Also, I believe Poincare did not like Cantor's ideas, yet he did a lot of research in topology, which is based on the notion of an open set. Can any one explain why so many people apposed Cantor's ideas? Why is the traditional view of infinite so appealing although Cantor's proofs are valid?

Edit:

I posted this question back in 2015, and since then I have changed my views on the validity of Cantor's arguments. I no longer believe they are valid arguments. Many people nowadays just have "itching ears" so to speak and they want to turn away their ears from the truth, and turn to fables. Cantor's theorems are fables; they are hearsays because many mathematicians just repeat them without taking time to consider what they are teaching their students.

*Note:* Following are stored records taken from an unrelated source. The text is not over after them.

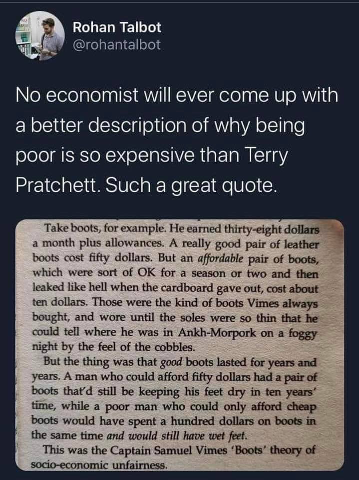 For more see genius Terry Pratchetts character cpt. Sam Vimes ´Boots' theory of socioeconomic unfairness.´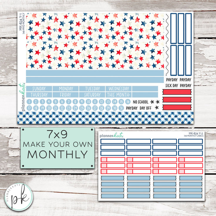 Our MYO Monthly kits were designed for those wanting a monthly layout when we don't have one specfically designed for YOUR planner. The sheet comes with thick washi (6.75 inches wide x 1.6 inches tall) that can be trimmed down to fit your monthly header as needed. The days of the week are individual so you can pick a Sunday or Monday start to your monthly!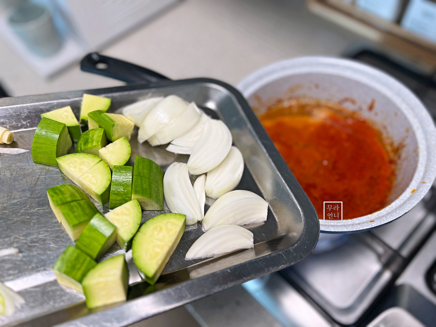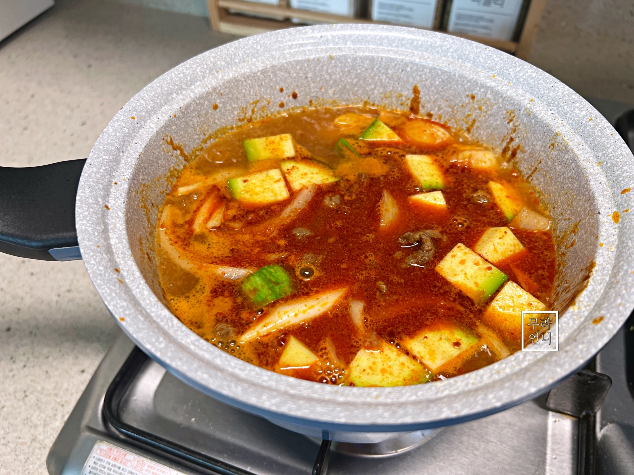 애호박, 양파를 넣고 센 불에서 끓여줍니다
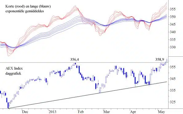 Tijdens een rally komt er steeds een moment dat de koers teveel van zijn lange termijn gemiddeldes afwijkt. Een terugkeer naar deze gemiddeldes is onvermijdelijk. Men noemt deze terugkeer “mean reversion”. Als men naar de waaier van gemiddeldes kijkt, waarbij de rode lijnen de korte en de blauwe lijnen de langere gemiddeldes zijn, dan ziet men dat de afwijking tussen de korte en de langere op dit moment zeer groot is. De koers is te hard gestegen en een reactie zal logischerwijs volgen. Deze reactie kan de komende dagen al starten. Hiervoor zijn aanwijzingen te vinden. De laatste dagcandles zijn mogelijke omkeercandles. De S&P500 zette afgelopen vrijdag een Hanging Man neer en de DAX eindigde met een Doji, die gemakkelijk uit kan groeien tot een Doji Star. De Momentum Analyses zijn in alle markten gaan dalen. Er is overigens basaal niets mis met de ontwikkeling van de AEX Index. Alle timeframes voor alle grote indexen zien er positief uit. Voor de AEX Index verwachten wij dat de steun op 356 het niet zal houden, maar de vorige bodem op 342 zal niet worden doorschreden. Daarmede zal de aan de gang zijnde hausse niet worden doorbroken, maar zoals reeds eerder gezegd zijn de perspectieven voor een daarna volgende periode minder goed. De onderstroom van de markt is niet helemaal in orde en daar mag men met de vakanties in aantocht geen snel herstel in verwachten. Opvallend is het dat deze onderstroom in Amerika zich aan het verbeteren is. Niettegenstaande dit gegeven zien wij op dit moment, na een hernieuwde poging de weerstand op 374 te breken een grotere correctie opdoemen, die ons tot ver in de zomer zal brengen.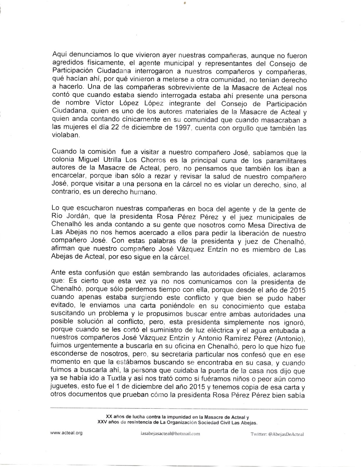 Aquí denunciamos lo que vivieron ayer nuestras compañeras, aunque no fueron agredidos físicamente, el agente municipal y representantes del Consejo de Participación Ciudadana interrogaron a nuestros compañeros y compañeras, qué hacían ahí, por qué vinieron a meterse a otra comunidad, no tenían derecho a hacerlo. Una de las compañeras sobreviviente de la Masacre de Acteal nos contó que cuando estaba siendo interrogada estaba ahí presente una persona de nombre Víctor López López integrante del Consejo de Participación Ciudadana, quien es uno de los autores materiales de la Masacre de Acteal y quien anda contando cínicamente en su comunidad que cuando masacraban a las mujeres el día 22 de diciembre de 1997, cuenta con orgullo que también las violaban.
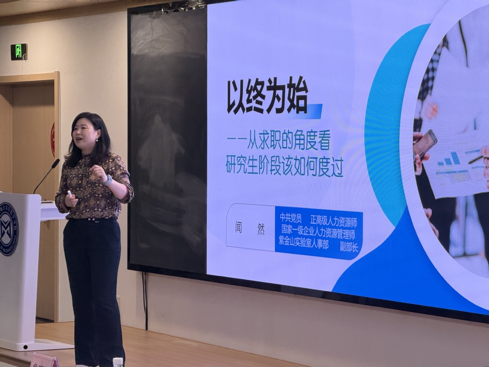 闻然以“以终为始——从求职的角度看研究生阶段该如何度过”为主题,从雇主视角出发,以生涯规划为切入点,向同学们讲授了AI时代背景下,社会和企业对于人才专业和素质的需求。她鼓励同学们紧随时代脚步,提升沟通能力,保持坦诚,保持热爱。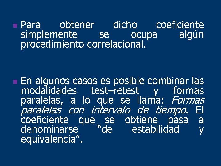 n n Para obtener dicho coeficiente simplemente se ocupa algún procedimiento correlacional. En algunos casos es posible combinar las modalidades test–retest y formas paralelas, a lo que se llama: Formas paralelas con intervalo de tiempo. El coeficiente que se obtiene pasa a denominarse “de estabilidad y equivalencia”.

I have studied calculus and analysis and I know one can study it and prove theorems without even mentioning Cantor's ideas. You can completely avoid the modern definition of an infinite set. The modern definition of an infinite set is so "strange" that it creates paradoxes, and people have to constantly add more axioms to the Zermelo-Fraenkel theory to fit a square peg into a round hole. For example, instead of saying "x belongs to the set of real numbers" one can just say that "x is a number such that the square of x is greater or equal to zero" to avoid defining the set of real numbers. This is how people have thought of real numbers for centuries. Moreover, in calculus and analysis, we never actually use infinity: look up every definition in calculus and you will only find a symbol for infinity. For example, look up the definition of a limit "at infinity" and you will find that there is no mention of infinite sets or cardinals.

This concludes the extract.